Query id:[1002007457093288810]
QE version: 2.0
Query Queue: init_warehouse.default_queue
======================cost======================
Total cost:[150] ms
Fast statistics cost:[0] ms
Optimizer cost:[73] ms
Build execution plan cost:[10] ms
Init execution plan cost:[9] ms
Start query cost:[13] ms
- Queue cost: [0] ms
- Wait schema cost:[0] ms
- Lock query cost:[0] ms
- Create dataset reader cost:[0] ms
- Create split reader cost:[3] ms
Get result cost:[45] ms
- Get the first block cost:[1] ms
====================resource====================
Memory: total 7 MB. Worker stats: max 3 MB, avg 3 MB, min 3 MB, max memory worker id: 1889346452478863373.
CPU time: total 96 ms. Worker stats: max 82 ms, avg 48 ms, min 14 ms, max CPU time worker id: 1889346412692090879.
DAG CPU time stats: max 77 ms, avg 38 ms, min 0 ms, cnt 2, max CPU time dag id: 1.
Fragment CPU time stats: max 66 ms, avg 25 ms, min 0 ms, cnt 3, max CPU time fragment id: 2.
Ec wait time: total 139 ms. Worker stats: max 79 ms, max(max) 2 ms, avg 69 ms, min 60 ms, max ec wait time worker id: 1889346452478863373, max(max) ec wait time worker id: 1889346412692090879.
Physical read bytes: total 1 MB. Worker stats: max 1 MB, avg 0 MB, min 0 MB, max physical read bytes worker id: 1889346412692090879.
Read bytes: total 7 MB. Worker stats: max 7 MB, avg 3 MB, min 0 MB, max read bytes worker id: 1889346412692090879.
DAG instance count: total 3. Worker stats: max 2, avg 1, min 1, max DAG instance count worker id: 1889346452478863373.
Fragment instance count: total 257. Worker stats: max 129, avg 128, min 128, max fragment instance count worker id: 1889346452478863373.
Meta mirror table count: use 1 miss 0.
Data mirror file count: use 12 miss 0.

An image hit is indicated by the last two metrics in the returned result: use and count.

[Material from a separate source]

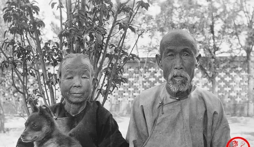 这个温吞的场景叫老伴与小看门,老头儿穿直襟大褂,领口别着一根小别针,老太太怀里抱着只小土狗,耳朵尖尖的,眼睛亮晶晶,后头一排土墙缝着砖花,日子清苦也讲个整洁,家里人常说,狗在就有个响动,门口就不至于太冷清。

Disable table mirroring for an external table

After you disable mirroring, the system stops synchronizing data to Hologres. Queries on the external table directly access the data lake data. The internally mirrored data files are asynchronously deleted after 30 minutes.

ALTER EXTERNAL TABLE <holo_ext_db.ext_schema.ext_table> SET(
  data_mirroring_speed_up_enable = 'off'
  );

View the mirror configuration

Run the following SQL statement to view which tables have data mirroring enabled. SELECT * FROM hologres.hg_datalake_get_mirror_config();

SELECT * FROM hologres.hg_datalake_get_mirror_config();

View the mirror progress

Run the following SQL statement to view the progress of the mirroring process.

SELECT * 
FROM hologres.hg_user_datalake_mirror_cron_tasks 
WHERE command::jsonb->>'external_db_name'='external_database_name'
ORDER BY start_time DESC;

In the statement, external_database_name is the name of the External Database.